Note that the default value for options not explicitly provided is (usually) False.

datasets: # the collection of datasets
  ds1: # name of dataset
    costfunction: ExtendedUnbinnedNLL # which cost function to use (only ExtendedUnbinnedNLL and UnbinnedNLL are supported)
    data: [...] # list of data
    model: freqfit.models.mymodel # name/location of model to use
    model_parameters: # parameter of the model: name given to this parameter
      a: a_ds1
      b: global_b # shared parameter names indicate the same parameter across different datasets

  ds2:
    try_to_combine: True # whether to attempt to combine this dataset with others (see further details below)
    combined_dataset: empty_ds # name of the group to attempt to join
    costfunction: ExtendedUnbinnedNLL
    data: [] # this dataset has no data
    model: freqfit.models.mymodel
    model_parameters:
      a: a_ds2
      b: global_b

  ds3:
    try_to_combine: True
    combined_dataset: empty_ds
    costfunction: ExtendedUnbinnedNLL
    data: []
    model: freqfit.models.mymodel
    model_parameters:
      a: a_ds3
      b: global_b

combined_datasets: # details of how we should attempt to combine datasets
  empty_ds: # name of the combined datasets
    costfunction: ExtendedUnbinnedNLL
    model: freqfit.models.mymodel # model for the combined group (must match the datasets being added for now)
    model_parameters:
      a: a_empty_ds
      b: global_b

parameters: # the collection of parameters
  a_ds1: # parameter name
    value: 0.0 # parameter value (note it will be a fixed parameter by default)
  a_ds2:
    value: 0.0 # initial guess for the parameter (since it is a fitted parameter)
    includeinfit: true  # whether to include in the fit
    fix_if_no_data: true  # if the dataset has no data, then we will skip trying to fit this parameter
    vary_by_constraint: true  # if we run toys, we will vary the true value of this parameter by the provided constraint
    fixed: false # you can fix parameters that are included in the fit (the only time this option is used, default is false)
  a_ds3:
    value: 0.0
  a_empty_ds: # parameters from combined_datasets also need to appear (nuisance parameters are varied at the level of datasets, not combined datasets)
    value_from_combine: true # will use the value from the combined datasets here, which is particularly important for fixed parameters
    includeinfit: false # in this case, we want to fix the value of this parameter after combining the datasets
  global_b:
    value: 0.0
    includeinfit: true

constraints: # the collection of constraints (a Gaussian constraint term in the likelihood)
  constraint_a_ds2: # name of the constraint
    parameters: a_ds2 # which parameter(s) the constraint applies to
    uncertainty: 1.0 # 1 sigma uncertainty on the parameter(s)
    values: 0.0 # should be the same value(s) as in `parameters`

options: # a collection of global options (only one option so far)
  try_to_combine_datasets: true # whether to attempt to combine datasets
  name: experiment name
  test_statistic: t_mu # can be "t_mu", "t_mu_tilde", "q_mu", "q_mu_tilde"

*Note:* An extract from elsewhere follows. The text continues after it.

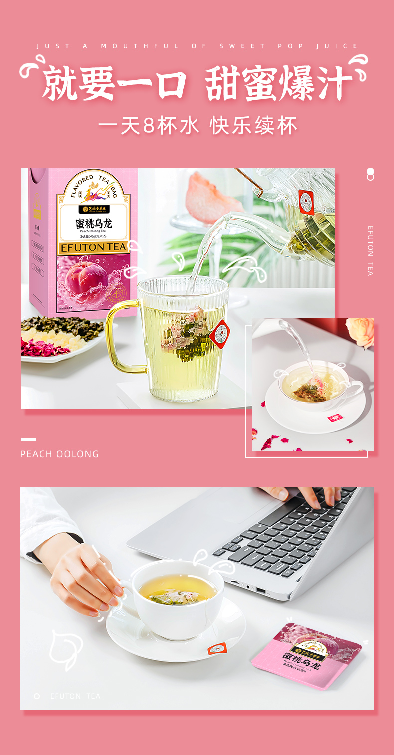 【超值补贴】艺福堂 蜜桃乌龙茶 三角茶包冷泡茶水果茶 45g/盒

For constraints, there are some additional options for how to specify these constraints. You can provide a list of parameters, values, and uncertainties:

constraints:
  myconstraint:
    parameters: [a, b, c]
    uncertainty: [1, 5, 3]
    values: [0, 10, 5]

or you can apply a single uncertainty to several parameters (note that each needs a separate value currently)

constraints:
  myconstraint:
    parameters: [a, b, c]
    uncertainty: 1.0
    values: [0, 10, 5]

or you can provide a covariance matrix (which must be positive semi-definite, i.e. a proper covariance matrix). Note that the syntax changes from uncertainty to covariance in this case. (Using both will generate an error.)

constraints:
  myconstraint:
    parameters: [a, b]
    covariance: [[1, -0.5], [-0.5, 1]]
    values: [2, 3]

Constraints will be combined into a single NormalConstraint as this dramatically improves computation time. This takes the form of a multivariate Gaussian with central values and covariance matrix calculated from the supplied constraints. Only constraints that refer to fit parameters are used. (Parameters in a single provided constraint must all be fit parameters.)

Constraints are also used to specify how nuisance parameters should be varied for toys. All parameters in a single constraint must be included as a parameter of a dataset, but do not necessarily need to be parameters in the fit.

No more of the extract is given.